Home values appreciated 2.86 percent during the fourth quarter from the third quarter of 2005, at an annualized rate of 11.4 percent.
Prices have posted double-digit increases on record home sales amid low interest rates and increased buying of second homes for vacation, retirement or investment.
“While (price) deceleration continues in some areas, appreciation generally is still extremely strong,” Lawler said. ”Mortgage rates climbed significantly during the second half of last year, but the effect of that increase on price appreciation so far appears to be limited.”
Last year’s rate of appreciation is about double the historical average of 6.4 percent, according to Bankrate Inc.
Recent reports on new and existing home sales, however, point to a long-anticipated slowing. The risk is that consumers will start feeling less confident when their home equity growth ebbs, and they curb the spending that has been a major economic driver.
For the first time since the third quarter of 2003, OFHEO said, one of the regions in its index showed a four-quarter price decline. Prices in Burlington, North Carolina, fell about 1 percent between the fourth quarter of 2004 and fourth quarter of 2005.
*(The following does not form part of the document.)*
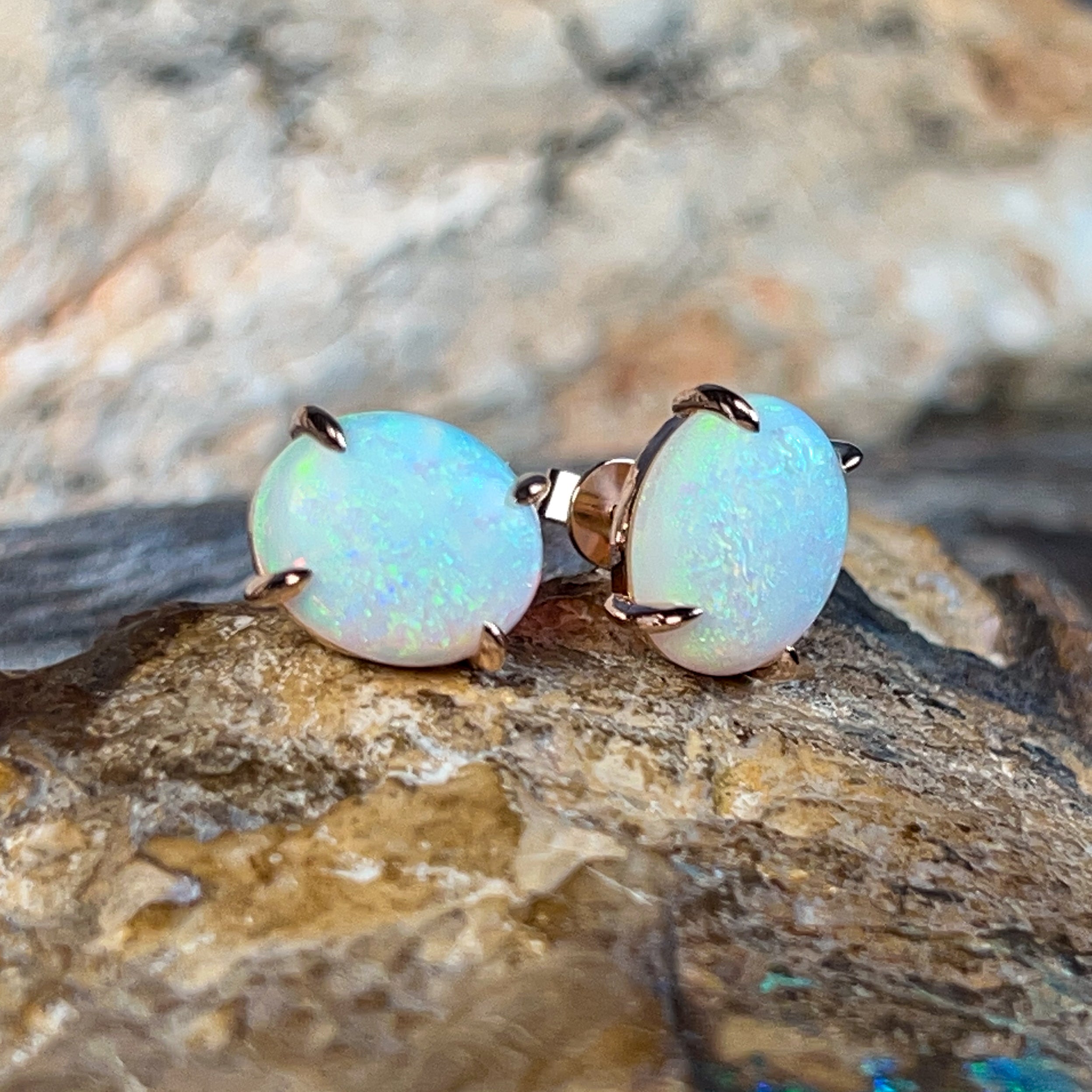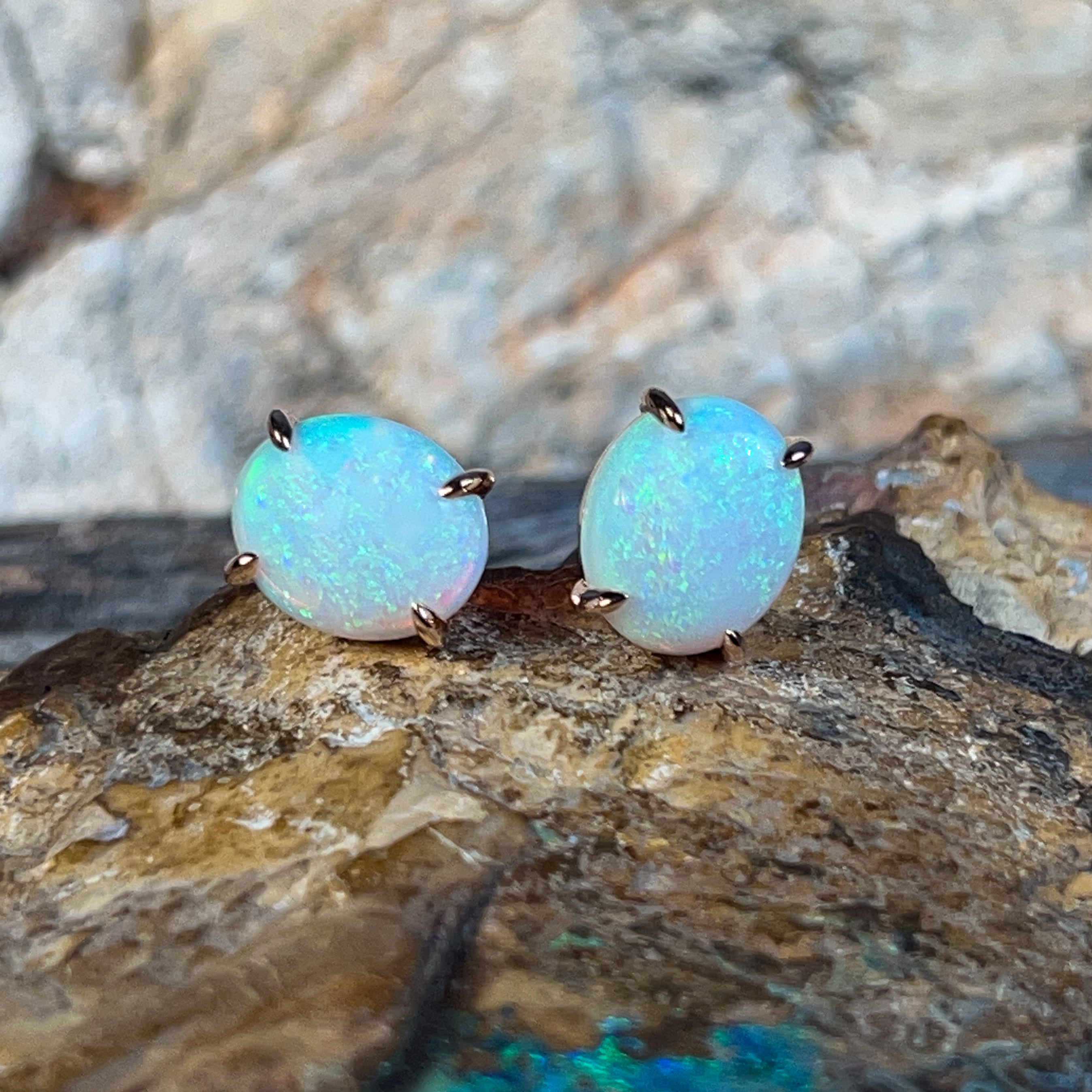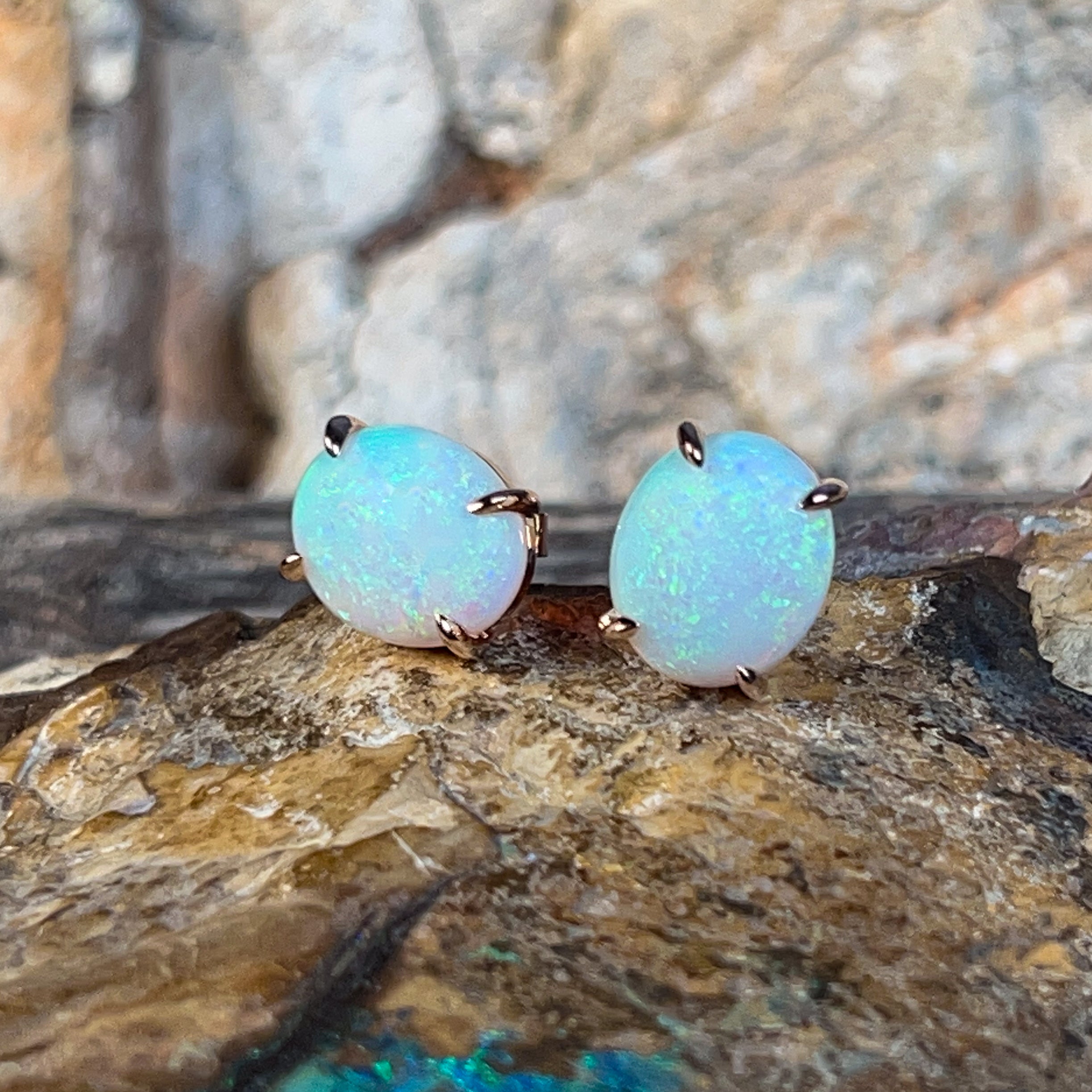 Delicate rose gold cradles luminous light opals in these charming four-claw studs. At 6.2 carats, these beauties showcase soft, dreamy flashes of colour that dance with every movement. Perfect for everyday elegance or that special occasion when you want understated sparkle. The warm glow of 18kt rose gold complements the opal's gentle play-of-colour beautifully, creating a timeless piece that feels both sophisticated and effortlessly chic.

Still, four-quarter home price gains reached all-time highs in 26 areas such as Orlando-Kissimmee, Florida, and El Paso, Texas.
The housing market appears at a crossroads, with sales slowing but prices in many regions steadily rising.
“One way to interpret it is that sellers may have only been willing to sell if they got the prices they were expecting,” said Dean Maki, chief U.S. economist at Barclays Capital. ”Fewer got that, so there were less actual transactions as prices continued to rise.”
Price appreciation should moderate this year, particularly with the inventory of unsold homes heading north, he said.
Buying power seen shrinking
Sales of existing homes slid 2.8 percent in January to the slowest pace in almost two years and the fifth straight monthly drop, the National Association of Realtors said on Tuesday. Meantime, the number of houses on the market hit a high last seen in 1998.
As sales slow from all-time peaks, prices should tail off along with consumer confidence and spending, according to economists.
“Fixed mortgages rates are still historically attractive” at about 6-1/4 percent on 30-year loans, said Greg McBride, senior financial analyst at Bankrate Inc. “If rates moved higher suddenly, closer to 7 percent, that would be a severe drag on consumer buying power.”
Flatter national growth in the low single digits over the next couple of years will most crimp spending by recent buyers that have not yet built up much home equity, he said.
Analysts stress that while home prices may slump in some coastal areas that posted the greatest increases this decade, the expectation on a national level is for a leveling of prices rather than a decline.
Arizona posted the greatest gains by a wide margin last year. Prices jumped 34.9 percent during the period, more than 8 percentage points above the rate in second-placed Florida.
Price growth along the East Coast from Maryland to Florida was the highest since OFHEO launched the house price index in 1975. Prices in the region leaped 17.8 percent in the most recent four quarters, OFHEO said.
Home prices rose at the slowest rate in the East North Central division, which includes Michigan, Wisconsin, Illinois, Indiana and Ohio.